Our Work  |  Weeds  |  Photo: Takashi Hososhima CC BY-NC-ND 2.0

Australia’s weed problem worsens each year. In what would be the most important reform for weed prevention in the country, each state and territory must create new laws to limit the flow of new weeds escaping into the bush by creating a list of safe plant species that can be sold and moved in each state and territory.

Why is weed reform is essential to halt Australia’s growing weed problem?

Australia’s toughened international quarantine laws, introduced in 1997, make it much harder for new weedy species to be brought into our country.

Now it’s more likely that our next big weed problems are already here, imported for gardens or agriculture before these laws required risk assessment of plant importations into Australia.

There are close to 30,000 exotic plant species in Australia, most cultivated in gardens or paddocks, more than the number of native plant species (about 20,000). About 3000 exotic species have already established in the wild and this number grows by about 20 a year. This is our source of new weeds.

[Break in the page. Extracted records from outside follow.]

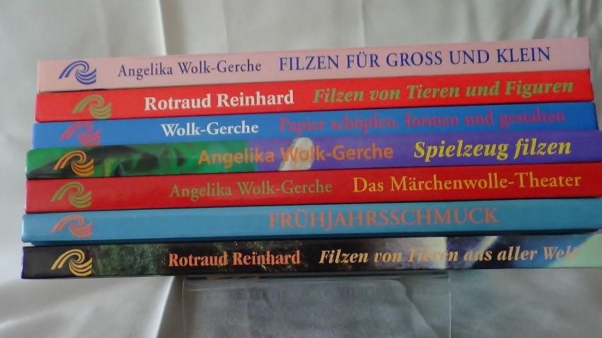 Papier- und Filztechniken. Reihe von 7 B?ndchen. Stuttgart, Verlag Freies Geistesleben. 1993. Hardcover. As New. l Jedes B?ndchen etwa 90 S. Mit Zeichnungen und Photos. Titel: Filzen von Tiere, Fr?hjahsschmuck, M?rchenwolle-Theater, Spielzeugfilzen, Papierformen, Filzen von Figuren, Filzen f?r gross und klein.
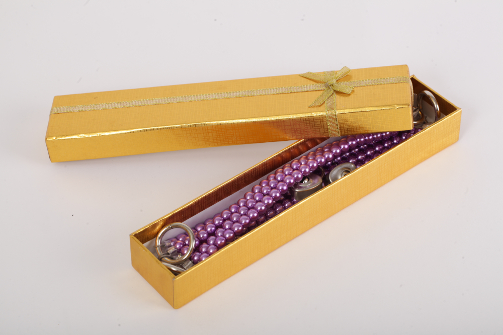 Красивые наножники из сиреневого жемчуга с замочками в виде сердца и четырьмя ключиками. Чтобы ограничивать движения есть небольшая цепочка с двумя карабинами. Характеристики: длина наножника- 26см, ширина-2,5см, длина цепочки- 13см. Упаковка- картонная золотая коробка с бантиком.
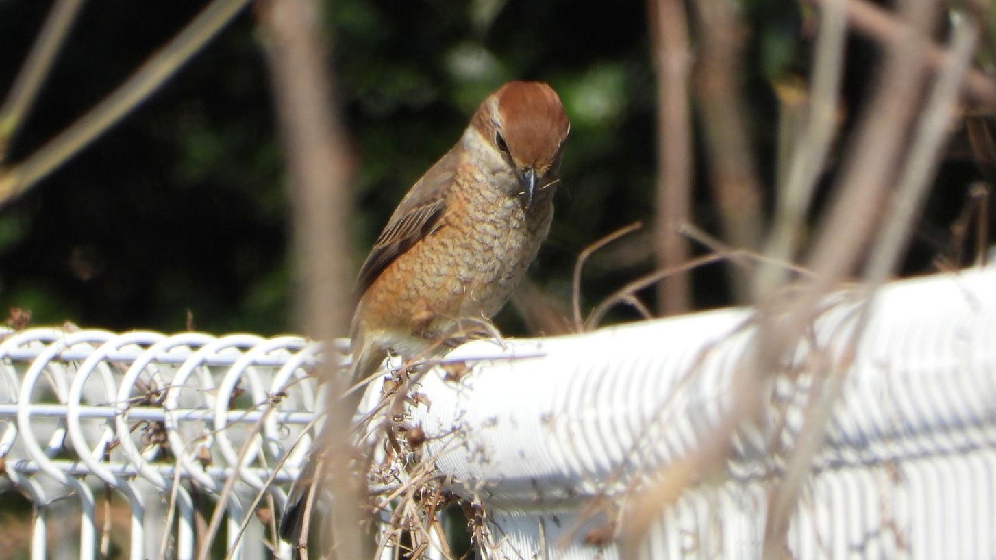 ⬇️ モズ 枝のようなものを咥えて飛んで行ったが、巣作り中なのだろうか。
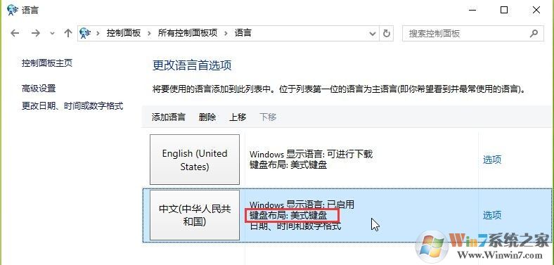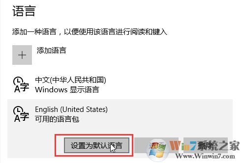 从“语言首选项”中进入方式的,选中“English(UnitedStates)”点击“设置为默认语言;从控制面板进入的,选择“English(UnitedStates)”,上移到首项。然后将”中文“语言删除。
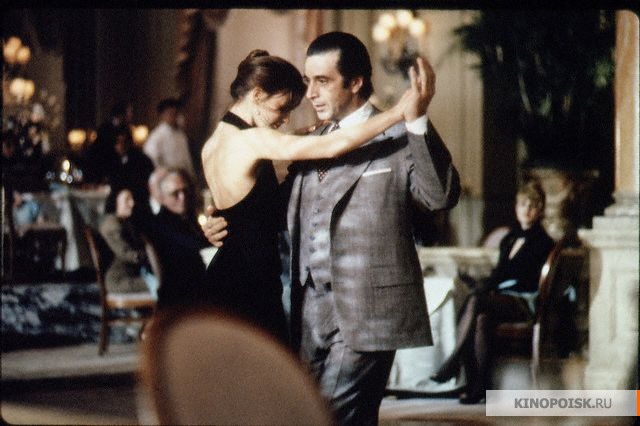 шикарном ресторане в Нью-Йорке. Фрэнк ловит в воздухе легкий аромат мыла Ogilvie Sisters Soap, исходящий от девушки за соседним столиком. "Мыло подарила мне бабушка". Светло-коричневые волосы, 22 года. "Можно мы подождем с Вами Вашего друга, чтобы к Вам не приставали бабники?". И они танцуют это танго. Сейчас, в танце, в этом запахе заключается вся жизнь. Мужчины любят глазами. Глаз Фрэнк лишился. Теперь запах, пьянящий запах, аромат жизни составляет все его богатство. Он живет моментом танго, которое наиболее тонко дает почувствовать вкус женщины, как олицетворения прекрасного видимого мира. Только женщины, а уж потом, далеко на втором месте - феррари.
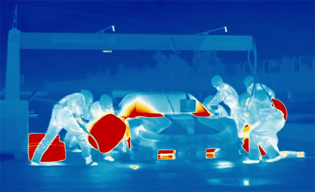 Pero como no todo en la vida es Fórmula 1, hoy os traemos un vídeo realizado con una cámara térmica cortesía de BMW Motorsport. La marca alemana nos regala un estás imágenes de un pit-stop de uno de los BMW M4 del DTM a base de escala de rojos y de azules.
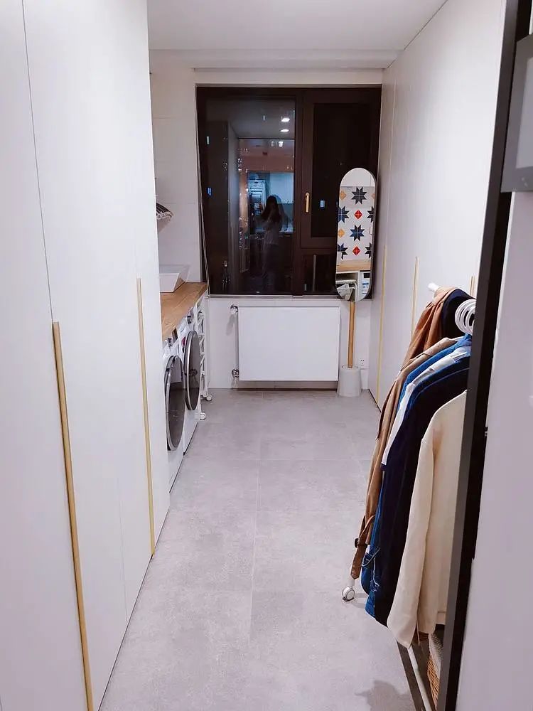 推拉门打开步入衣帽间,原储物室与阳台打通后,空间宽敞通透。考虑到居家动线和便利,将衣帽间和洗衣房结合在一起,左右两侧均设计通高储物柜,提高收纳不浪费空间。可旋转穿衣镜不影响储物柜开关。洗衣机、烘干机、壁挂式洗衣机和脏衣篓,整洁有序的布置不影响美观。

In 2009 an independent review of federal laws found that the movement of potentially invasive plants within Australia is “effectively unconstrained”, and that they represent “a vast reservoir of potential future problems”. Almost a quarter of exotic plants here are weeds in other parts of the world.

Importing weedy species

Right now there is nothing to stop a nursery, say in NSW, importing hundreds of known weedy species from other states and selling them to an unsuspecting public, risking the chance of new species escaping into nearby bushland or farmland, to threaten native species and agricultural production.

Weeds are already recognised as among the top threats to Australia’s native plants and animals, and cost agriculture well over $4 billion annually in lost production and control.

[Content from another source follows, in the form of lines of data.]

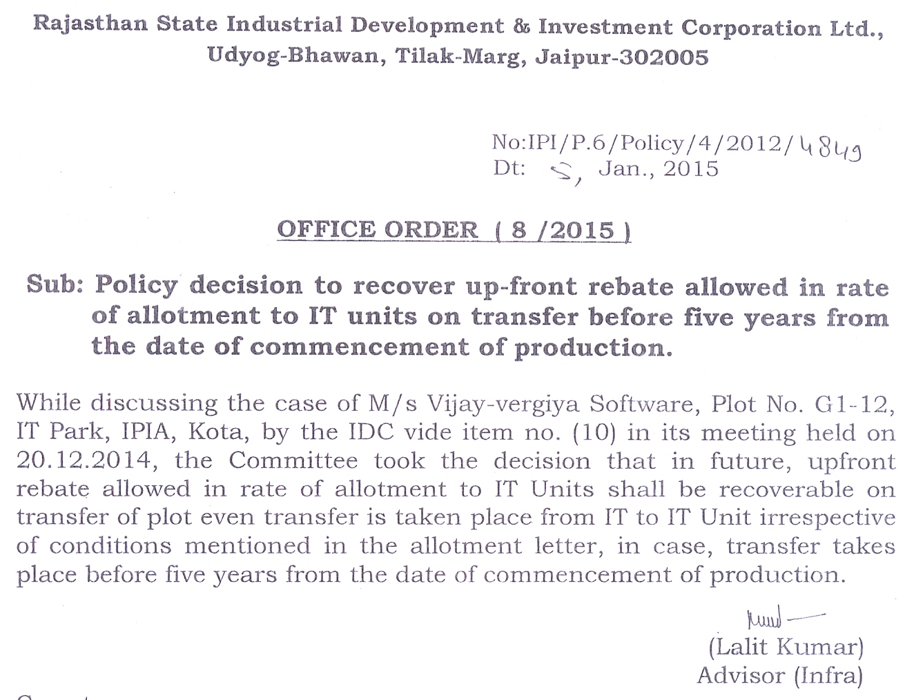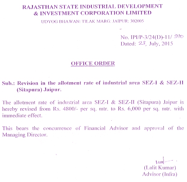 Revision in the allotment rate of industrial area SEZ-I & SEZ-II (Sitapura), Jaipur
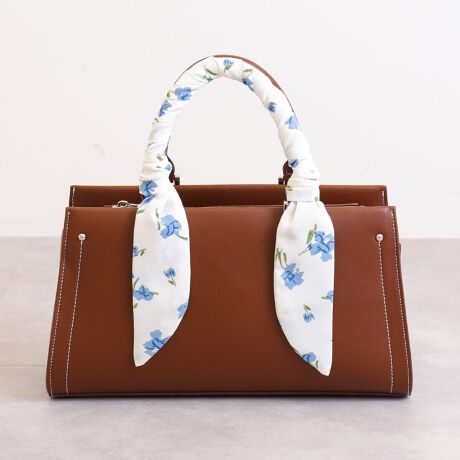 ・花柄のスカーフが可愛い小さめ上品バッグ。
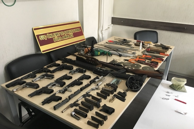 Edinilen bilgiye göre, Şehitkamil İlçe Emniyet Müdürlüğüne bağlı Suç Önleme ve Soruşturma Büro Amirliği ekipleri, Mevlana Mahallesindeki bir adreste ruhsatsız silah üretimi yapıldığını tespit etti. İstihbarat doğrultusunda adrese operasyon düzenleyen ekipler, ikamet sahibi M.Ç.’yi gözaltına aldı. Gözaltına alınan şahıs sağlık kontrolünün ardından sevk edildiği mahkemece tutuklanarak cezaevine gönderildi. Ayrıca adreste yapılan aramada, 5 adet ruhsatsız tabanca, 1 adet kurusıkı tabanca, 2 adet av tüfeği, 8 adet tabanca gövdesi, 6 adet sürgü, 3 adet namlu, 11 adet değişik ebatlarda şarjör,6 adet bilye atar, 3 adet kurusıkı ve 1 adet tabanca fişeği, 3 adet kabze, 19 adet namlu açmaya yarayan matkap ucu, 20 adet namlu yapımında kullanılan metal boru, çok sayıda tabanca yapımında kullanılan malzeme, 5 gram metanfetamin ile 300 gram toz esrar ele geçirildi.
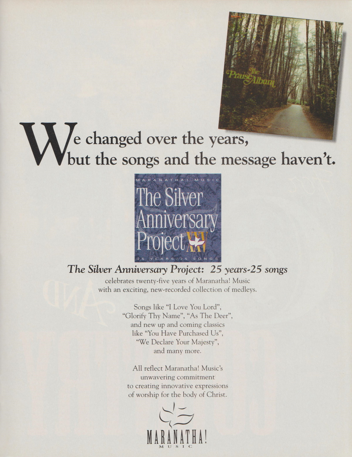 A full-page advertisement for Maranatha! Music’s The Silver Anniversary Project XXV was featured in the November 1996 issue of CCM Magazine.
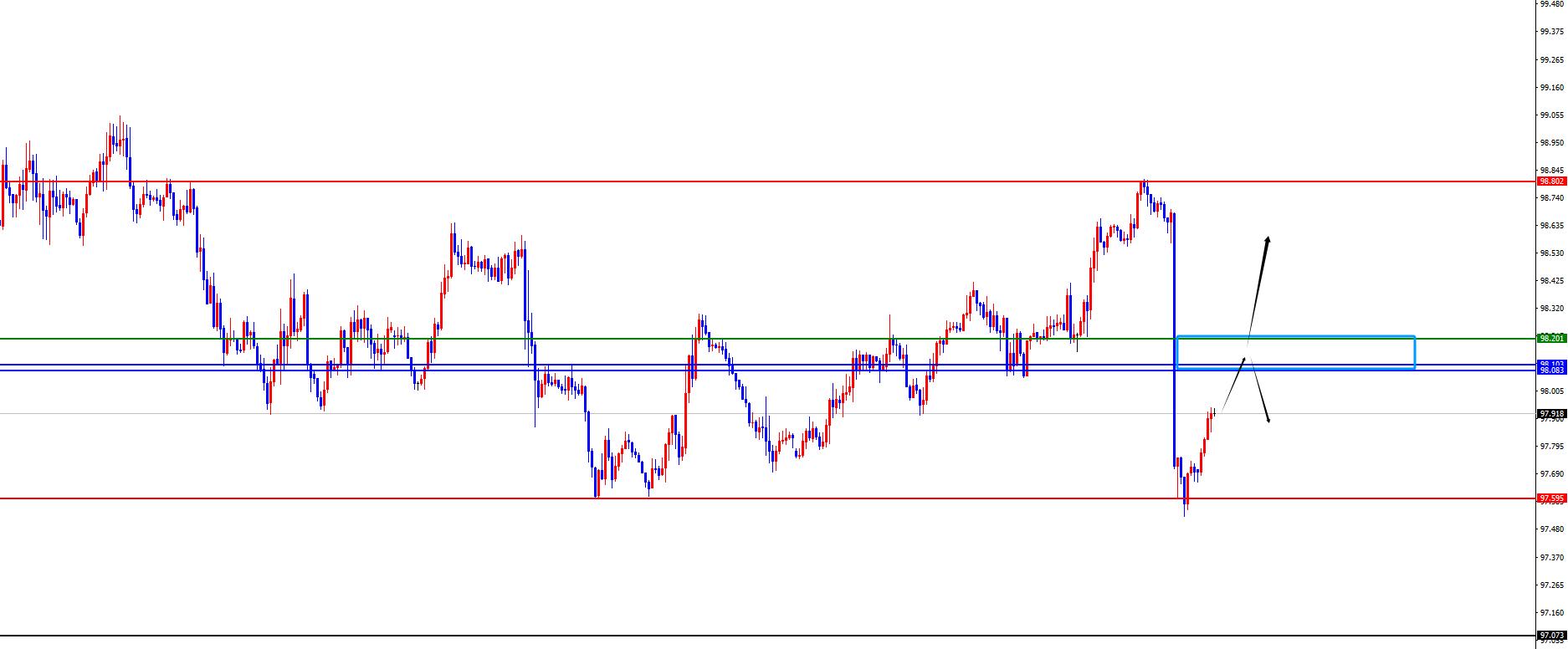 从多周期分析,周线级别来看近期价格在周线支撑上下盘整,本周重点关注98.10位置站稳,一旦站稳则中期多头将延续上行。在日线级别上,在日线上看黄金目前价格在低位持续震荡运行,虽然目前价格在日线阻力下方,但是整体还是需要关注日线阻力98.10位置得失,价格后续还是需要关注站稳表现。从四小时上看,四小时上是我们一直强调短期价格走势的关键,目前四小时阻力于98.20区域,价格在站稳此位置前先谨慎对待,待后续站稳后再关注进一步延续。从一小时上看,针对上周五大幅下跌后,目前市场有进一步向上的表现,所以对于美指的空谨慎追单,重点关注后续进一步上涨的表现。

Clearly, we cannot afford the spread of even more weed species already within Australian borders. We need to take action and stop new weeds in their tracks.

To do this, the Invasive Species Council is asking each state and territory to prevent new weed problems by requiring all new introductions into their states to pass a risk assessment. Only plants on a ‘safe list’ would be allowed to be sold or moved between states and territories. Some species already well entrenched would also be on this permitted list.

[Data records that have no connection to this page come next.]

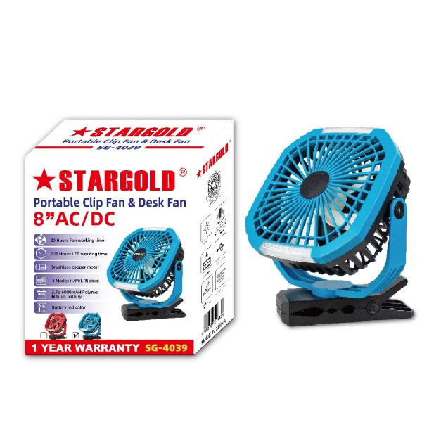 Stay cool anywhere with the STARGOLD portable clip-on & desk fan, designed for ultimate versatility, quiet operation, and safety. Whether at home, outdoors, or on the go, this fan ensures refreshing airflow exactly where you need it.
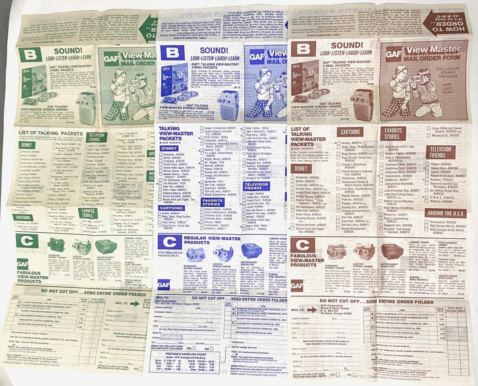 1950s-70s View-Master Paper Lot Sawyer's, GAF Order Forms Booklets Reel Packets
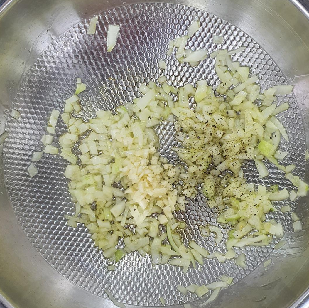 양파가 완전한 투명색이 되기 전에 다진 마늘과 후추를 조금 뿌려줍니다. 다진 마늘을 넣으신 다음에는 불을 중간 불로 줄여주시면서 볶아주세요.
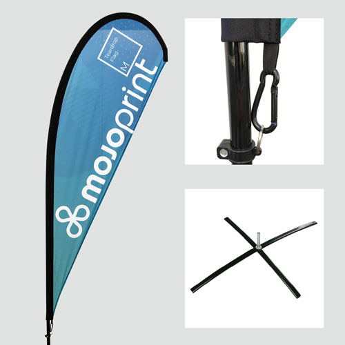 Set consists of custom flag (single side print or double sided 2-ply print), durable aluminium/fiberglass pole, cross base and water bag*, and carry bag.
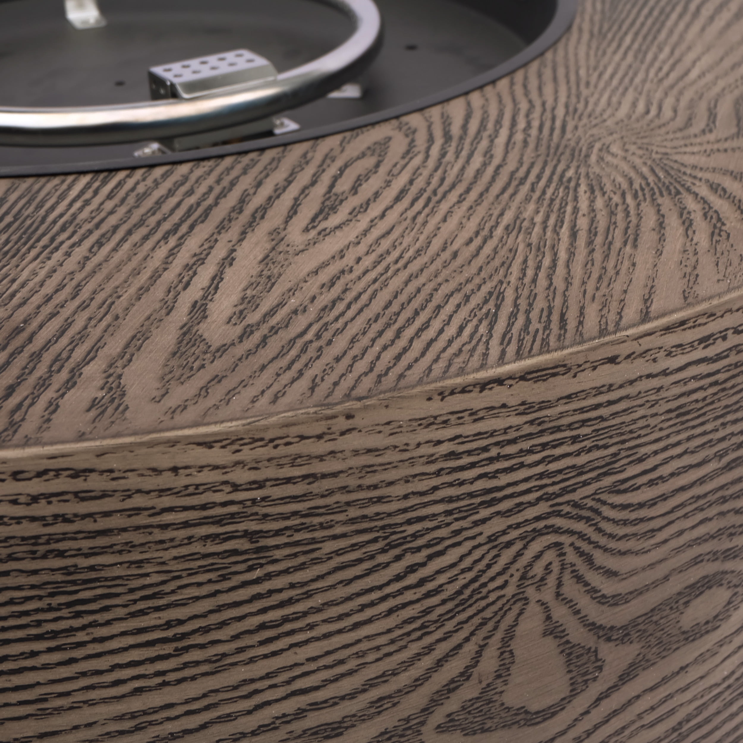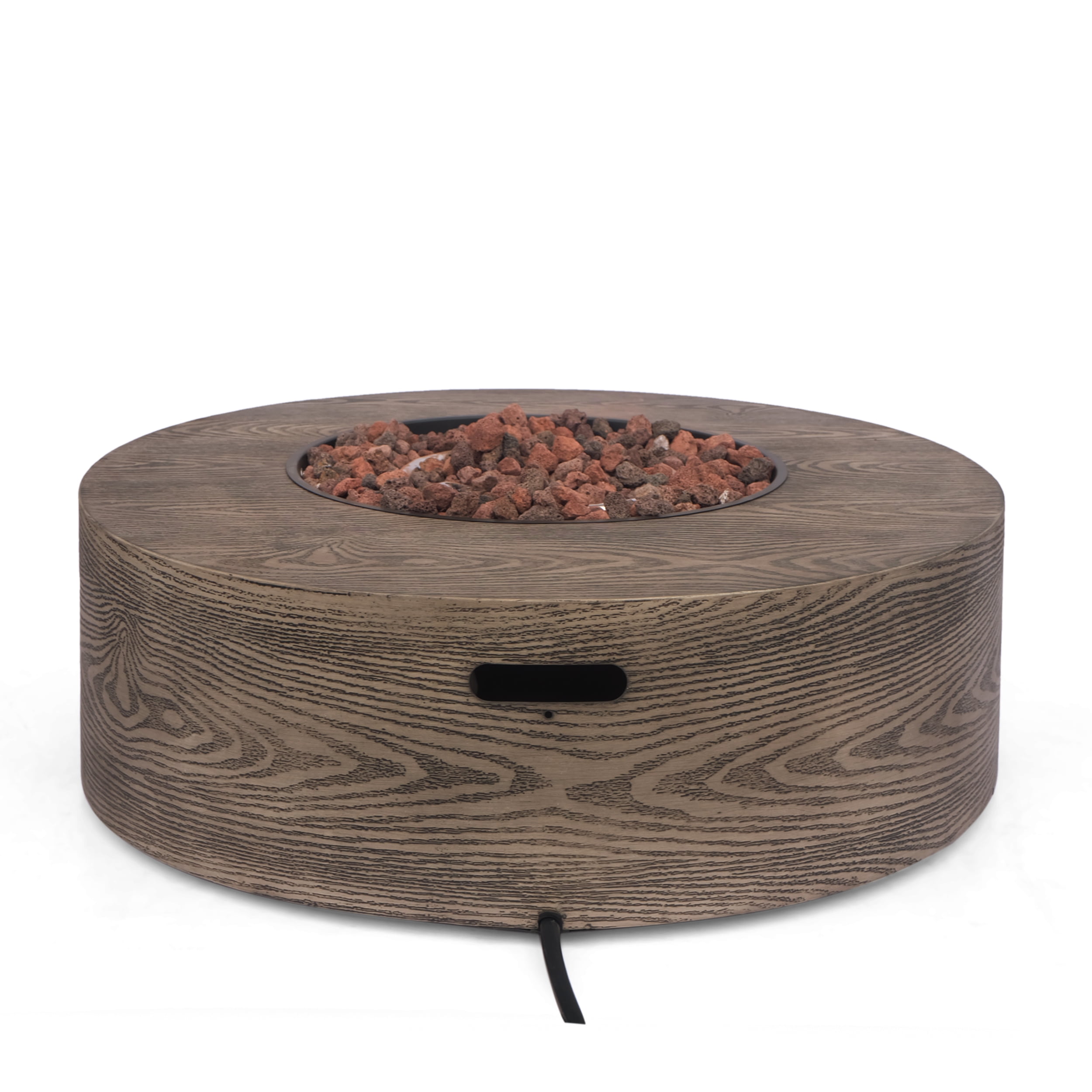 Enjoy the full view of warm flames against the night sky with drinks and those closest to you. With 50,000 BTU and a round structure of sleek, powder-coated iron with a rustic wood finish, this piece not only offers an incredible upgrade in style but is also perfect for parties due to its easy seating arrangement and matching tank holder. From intimate conversations around a cozy fire to stargazing on cool summer nights, our wonderful fire pit will have no trouble gathering everyone together for hours of quality time. IRON FIRE PIT WITH FINISH: Our fire pit is designed to be both stylish and provide light and warmth. Made from iron with a powder coating for a durable build, this fire pit features a brown wood finish for a rustic look. 50,000 BTU: Featuring a round shape and a BTU of 50,000, our fire pit allows easy seating arrangement for you and your guests, providing light and warmth all around during those chilly evenings. TANK HOLDER: This fire pit comes with a matching tank holder to keep your propane tank inconspicuous. This is also made of iron so you can arrange this piece however you please and your set will always look classy. DIMENSIONS: Choose an accessory that is the perfect size for you and your furniture. This fire pit is 37.50” W x 37.50” D x 11.50” H and the tank holder is 15.25” W x 15.25” D x 19.75” H. You will love how much your space can transform with the simple addition of this charming fire pit. NO ASSEMBLY REQUIRED: No assembly is required for this fire pit. Simply place the lava rocks in the pit without covering the burner, and then plug in your standard size propane tank and enjoy your fire pit.

The Western Australian Government has been running a similar model for six years now. To begin, a list of plant species were assessed as safe, or of low risk to that state’s agricultural sectors and natural environment. When new plants need to be brought into the state they are assessed. In most cases, these are determined as of low risk of becoming weedy and added to the ‘safe list’. Many hundred of potentially weedy species have been kept out of the state.

The onus for compliance lies mostly with large plant wholesalers, who, once they understand the process, are happy to meet the requirements.

“Turn the tap off before you mop up the spill: The development of a list of permitted, non-invasive taxa … could represent the most effective and timely response to the immediate threat posed by thousands of potentially invasive and unrestricted plant species.” (State government weed policy officers1, 2006).

For the sake of both our natural environment and the economy, Australia needs to take a similar approach across the entire country, preventing the spread of weeds between states and territories, as well as different regions. Ideally the reform would be implemented across a number of states at a time, but individual states must take the lead while we are waiting to get agreement.

Western Australia has shown the way, and the Invasive Species Council is now asking the Federal Government, states and territories to act and help stop future weed invasions in their tracks through a ‘safe list’ approach to weeds. Everybody needs to play their part in weed prevention and control. We already ensure that only safe foods and toys are allowed on our shops. We need to stop selling potential weeds. Only a ‘safe list’ of plants can achieve this.

More info

References:
  1. 1. Csurhes S, Randall R, Goninon C, Beilby A, Johnson S and Weiss J (2006). “Turn the tap off before you mop up the spill: Exploring a permitted-list approach to regulations over the sale and interstate movement of potentially invasive plants in the States and Territories Australia.” Proceedings of the 15th Australian Weeds Conference. C Preston, JH Watts and ND Crossman, Weed Management Society of South Australia Inc, Adelaide: 95-98.

Dear Project Team,

[YOUR PERSONALISED MESSAGE WILL APPEAR HERE.] 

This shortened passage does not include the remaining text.